L’honneur de la tribuRoman de Rachid Mimouni. Editions Sédia, Alger 2008 (Editions Robert Laffont, 1989 , puis Editions Stock 1999), 215 pages, 650 dinars

Un livre qui  raconte le retour innatendue, peu de temps après l’indépendance du pays, à Zitouna,  de Omar El Mabrouk, un  enfant du pays que l’on croyait mort dans le maquis de la lutte de libération nationale .

Zitouna ! Un  lieu ignoré et tranquille qui passe brusquement du  statut de « lieu-dit » (vivant dans la sérénité, ignorant et ignoré du monde, ayant su faire son profit des expériences des sages et des enseignements des saints, ayant appris à faire le dos rond contre les assauts de l’adversité, conscient que les plus grands dangers surgissent presque toujours de son sein) à celui  d’une daïra (sous- préfecture). Il va , alors, traverser  les turbulences d’une « modernité » imposée - qui a surtout pour fonction de tout « fonctionnariser » , de déraciner, de désarticuler la micro société qui vivait jusqu’ici sereine dans ses habitudes ancestrales.  Omar El Mabrouk, devenu chef de daïra, (alors qu’il prétendait , lui l’ancien moudhajid, à une grande ambassade d’un pays nanti afin, se dit-il,  de mener la belle vie qu’il estime bien méritée)  va se mettre à décider   tout seul ,  en se couvrant de la légitimité d’une loi qu’il créée , parfois, sur mesure.....la sienne . Il  ne tiendra compte d’aucun bon sens. C’est l’envolée sans retenue et sans mesure qui déclenche un imaginaire débridé et même une envie de rire.

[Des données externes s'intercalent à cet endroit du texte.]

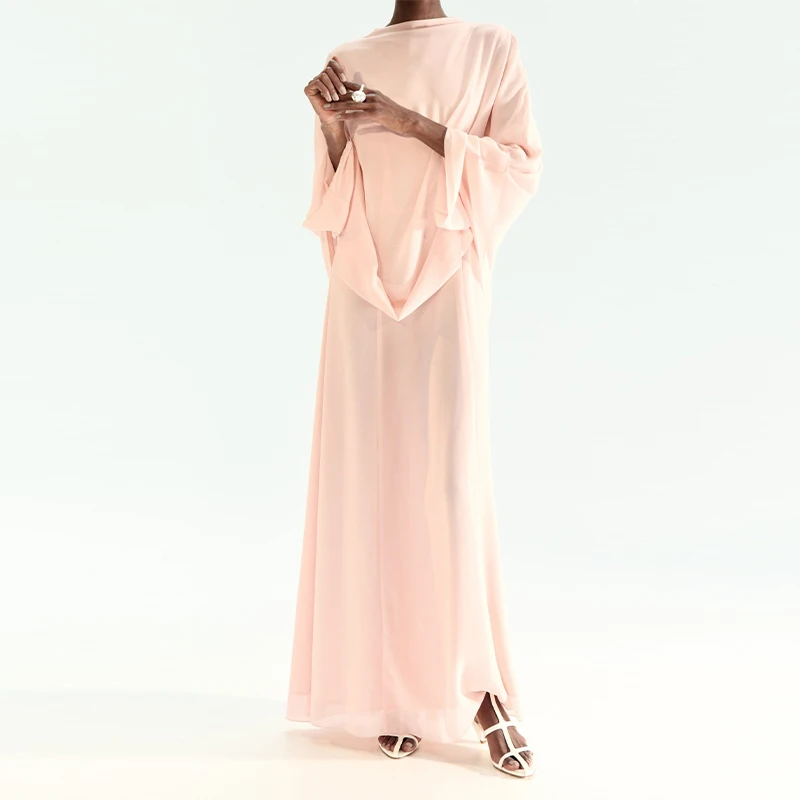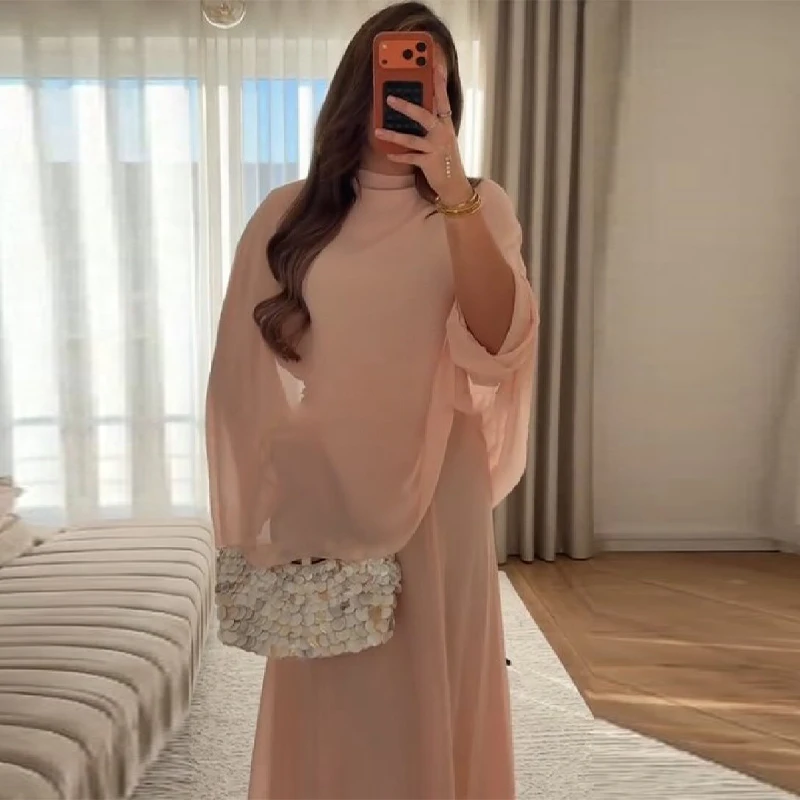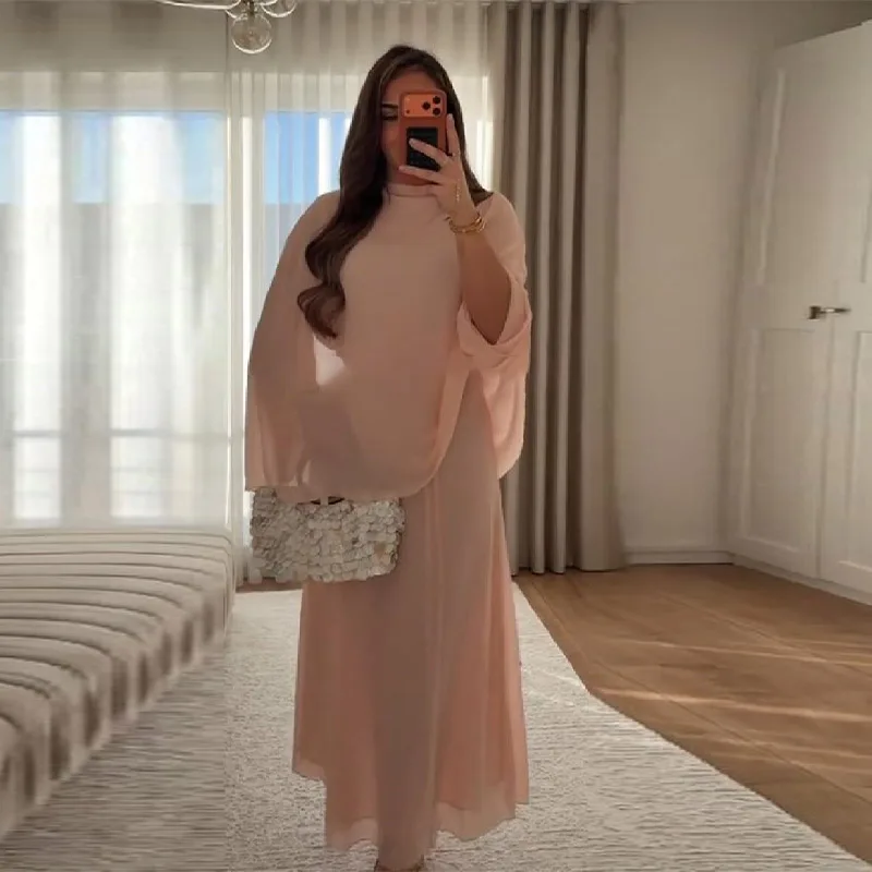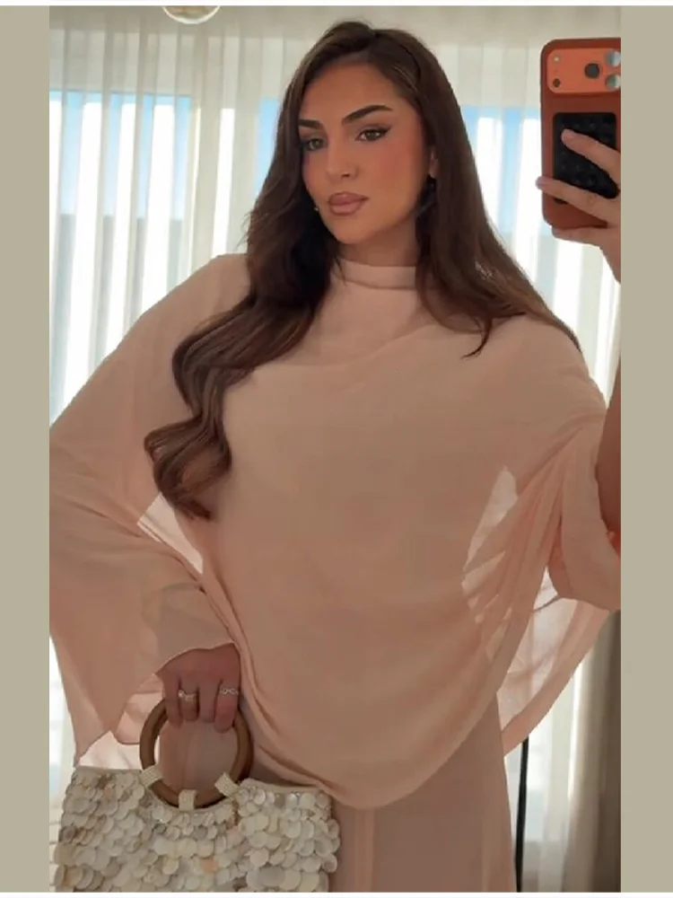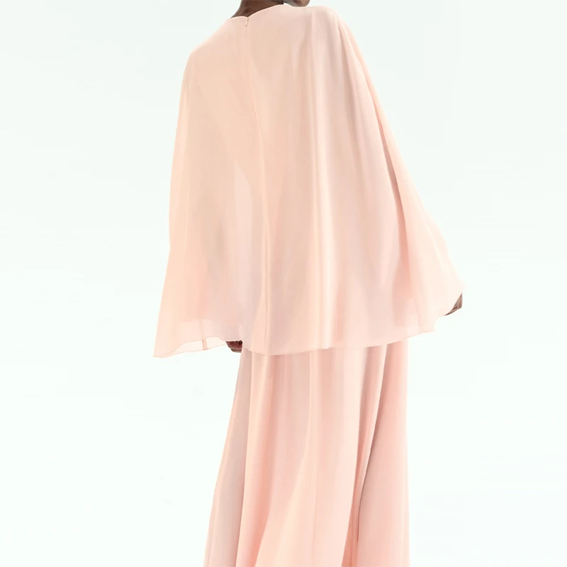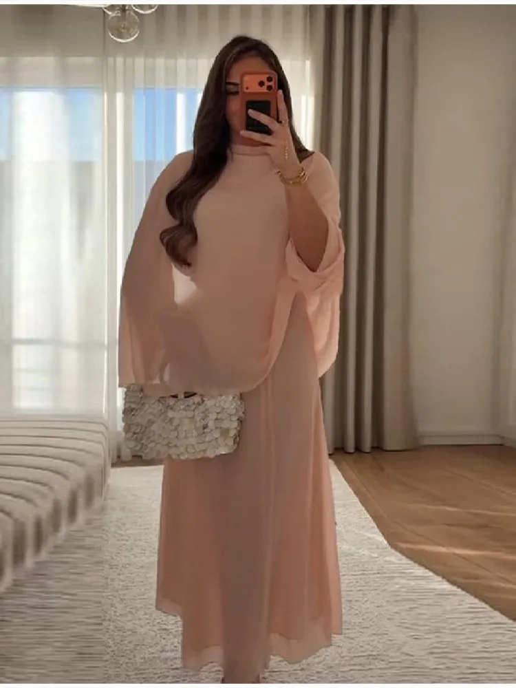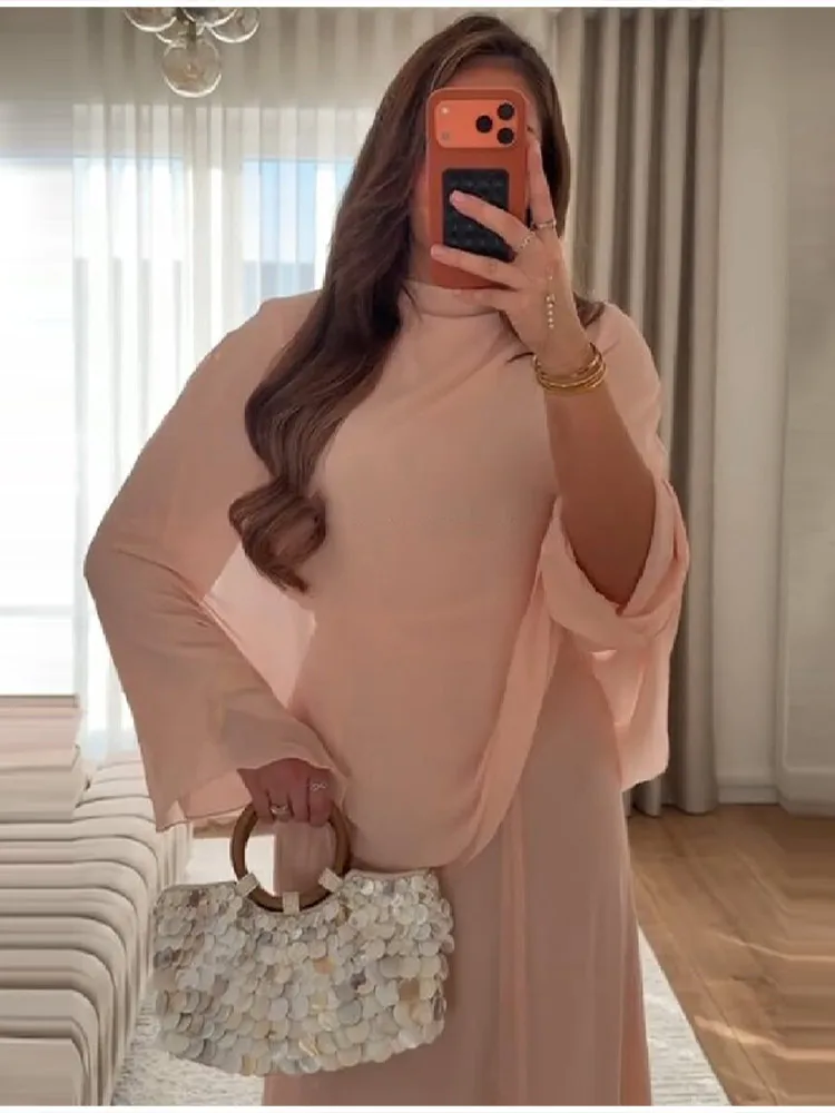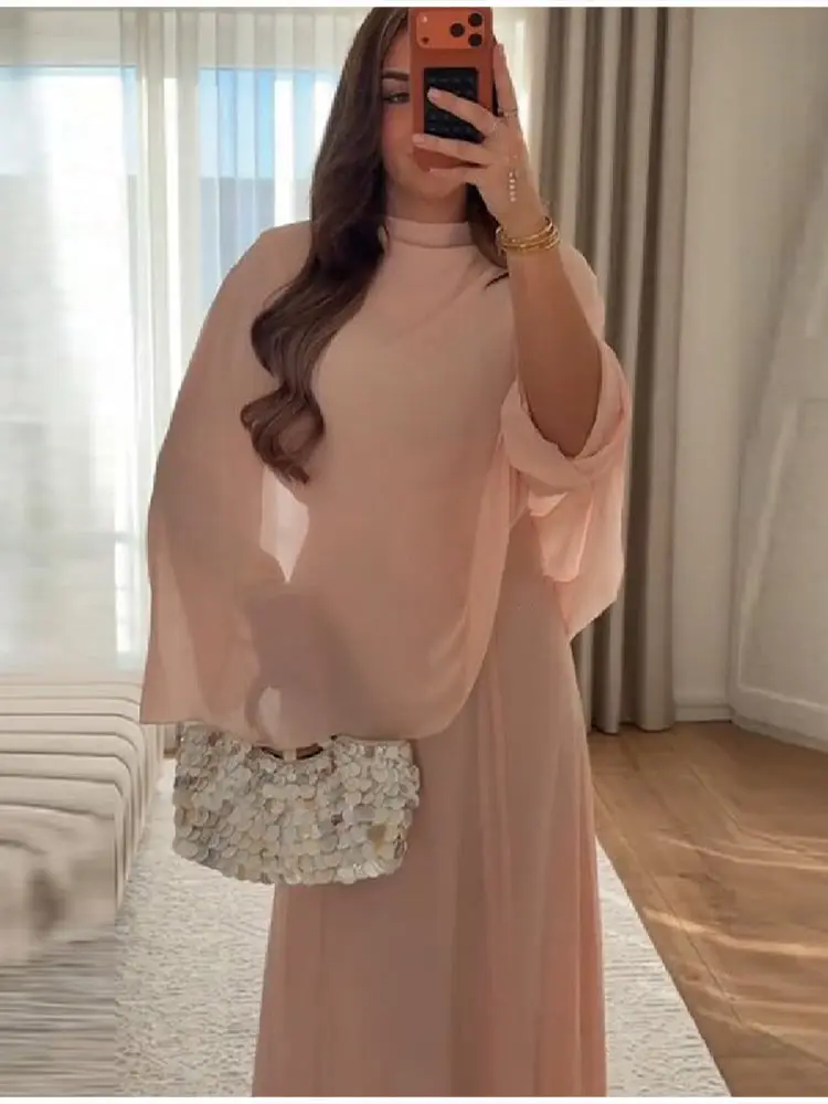 🥰 I’m absolutely obsessed with this pink dress! The soft nude-pink shade is so flattering on my skin tone, and the fabric is incredibly light and flowy—the high neck adds an elegant touch

Il va aller très loin : il "verbalise les ânes",  il "oblige les paysans à porter des chaussures »  il « modifie le nombre des prières quotidiennes » et il oblige les habitants « à avoir des adresses fixes ». « A la suite d’Omar El Mabrouk s’installèrent les gendarmes, puis les policiers, puis les officiers du secteur militaire, puis les responsables du Parti, les instituteurs de l’école, les médecins et infirmières de l’hôpital, les gardiens de prison, l’imam de la nouvelle mosquée, les caissières du supermarché.. »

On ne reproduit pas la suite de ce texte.